*TASK OBJECTIVE*:
Transcribe the entries that follow, every word as written, and drop the pictures.

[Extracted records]
----

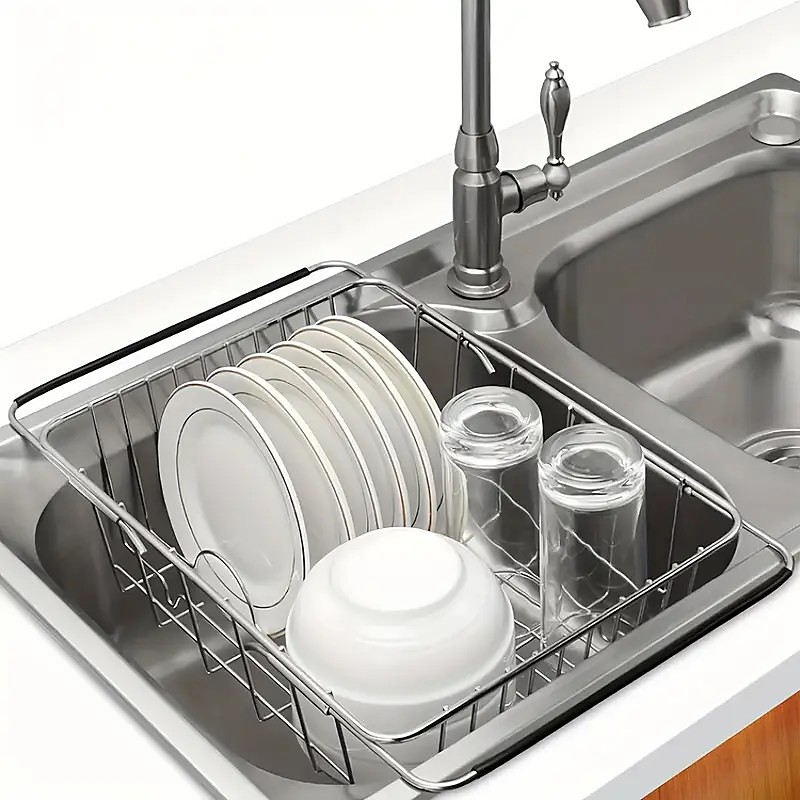 Stainless Steel Dish Drying Rack – 3-in-1 Expandable Dishwasher Countertop Drying Rack, Rust-Resistant 304 Steel, Multi-Purpose Utensil Holder for Plates, Bowls, Cups Cutlery
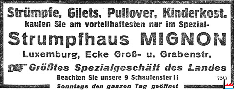 | 1932 | ![]() Chapellerie Mersch-Berweiler fils - L. Perlia - Strumpfhaus Mignon (Photo: 1902 Batty Fischer) |
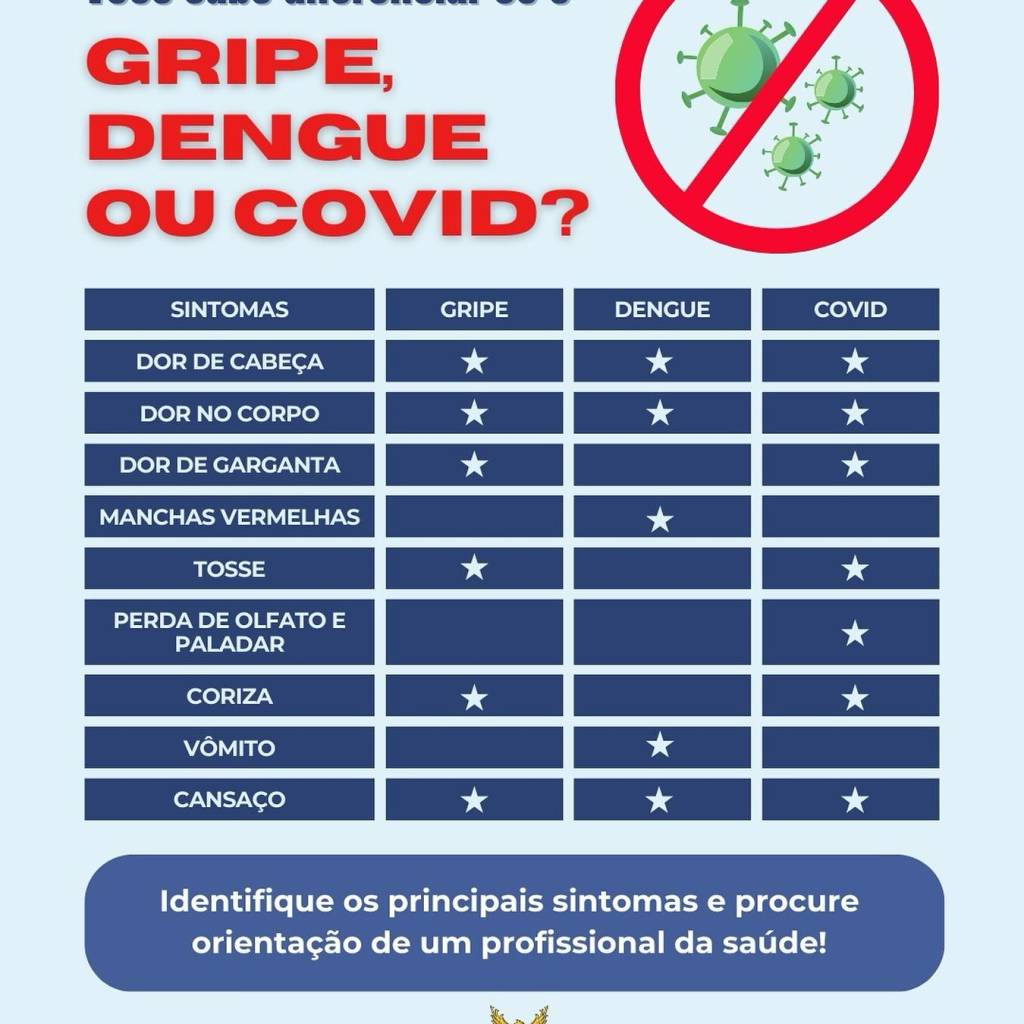 InícioDengueVocê sabe identificar se seus sintomas são de gripe, dengue ou covid? Você sabe identificar se seus sintomas são de gripe, dengue ou covid? Publicado em 01/03/2024Por Secretaria Municipal de Saúde Fique atento e procure orientações de um profissional da saúde.
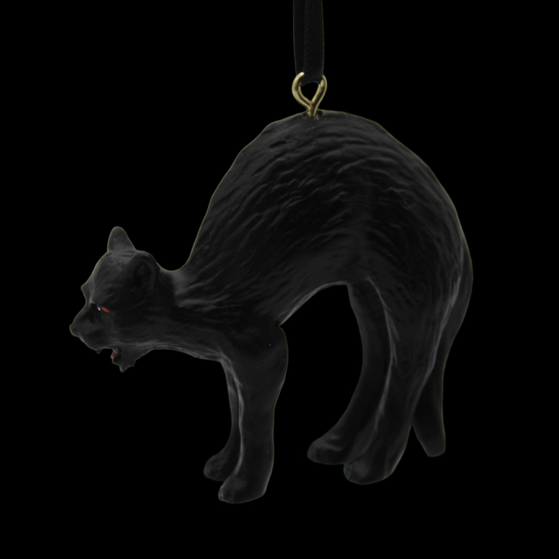 Look out! Too late, this black cat has already crossed your path, bringing misfortune to all that come across him. The perfect accompaniment to a witch’s tree, this fierce feline sits ready to pounce on any unlucky and unsuspecting passerby.
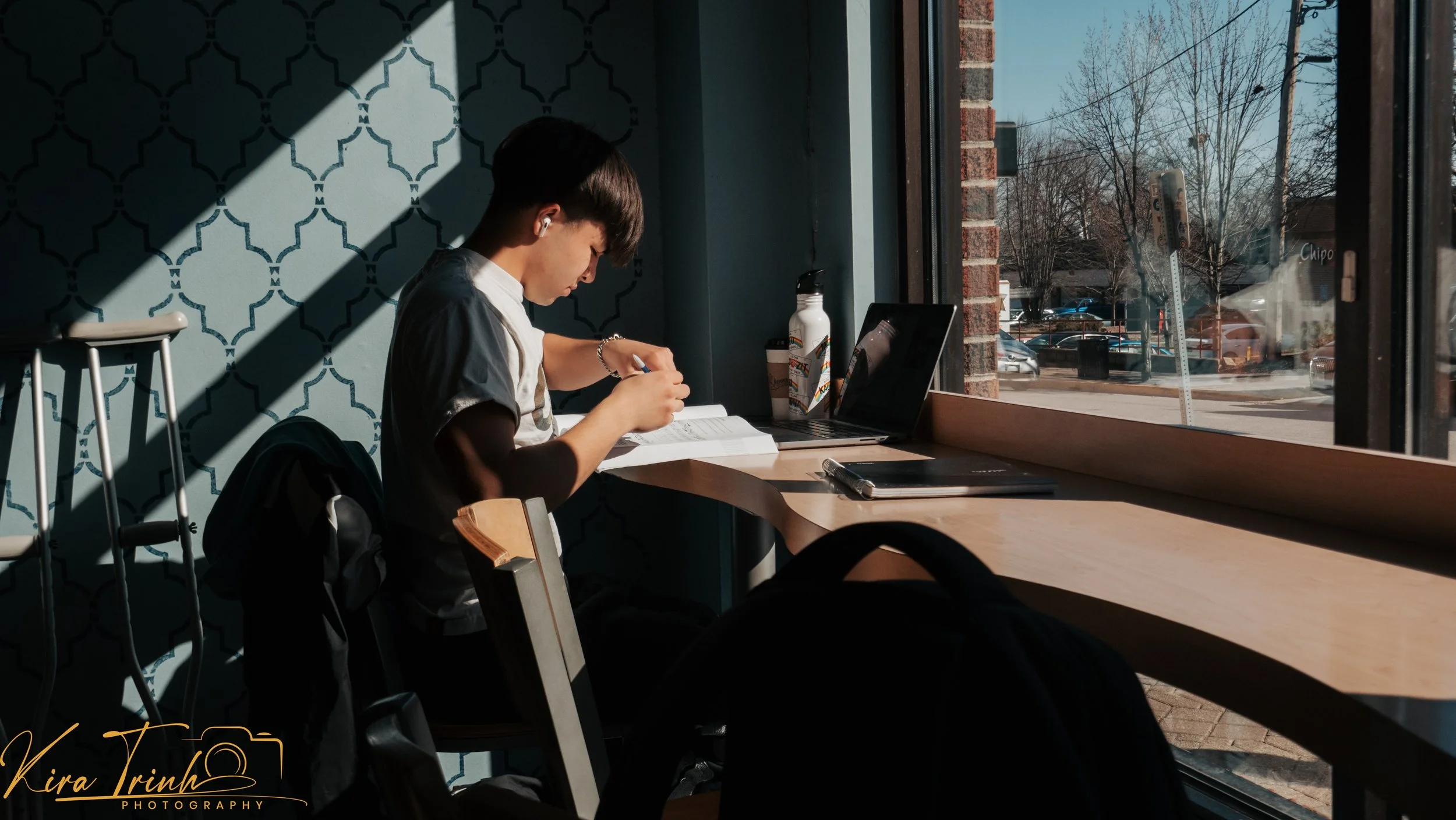 A student sitting at the table window in Vienna Coffee Shop in WL, IN

----

*RESPONSE BOX*:
 Stainless Steel Dish Drying Rack – 3-in-1 Expandable Dishwasher Countertop Drying Rack, Rust-Resistant 304 Steel, Multi-Purpose Utensil Holder for Plates, Bowls, Cups Cutlery
 | 1932 | ![]() Chapellerie Mersch-Berweiler fils - L. Perlia - Strumpfhaus Mignon (Photo: 1902 Batty Fischer) |
 InícioDengueVocê sabe identificar se seus sintomas são de gripe, dengue ou covid? Você sabe identificar se seus sintomas são de gripe, dengue ou covid? Publicado em 01/03/2024Por Secretaria Municipal de Saúde Fique atento e procure orientações de um profissional da saúde.
 Look out! Too late, this black cat has already crossed your path, bringing misfortune to all that come across him. The perfect accompaniment to a witch’s tree, this fierce feline sits ready to pounce on any unlucky and unsuspecting passerby.
 A student sitting at the table window in Vienna Coffee Shop in WL, IN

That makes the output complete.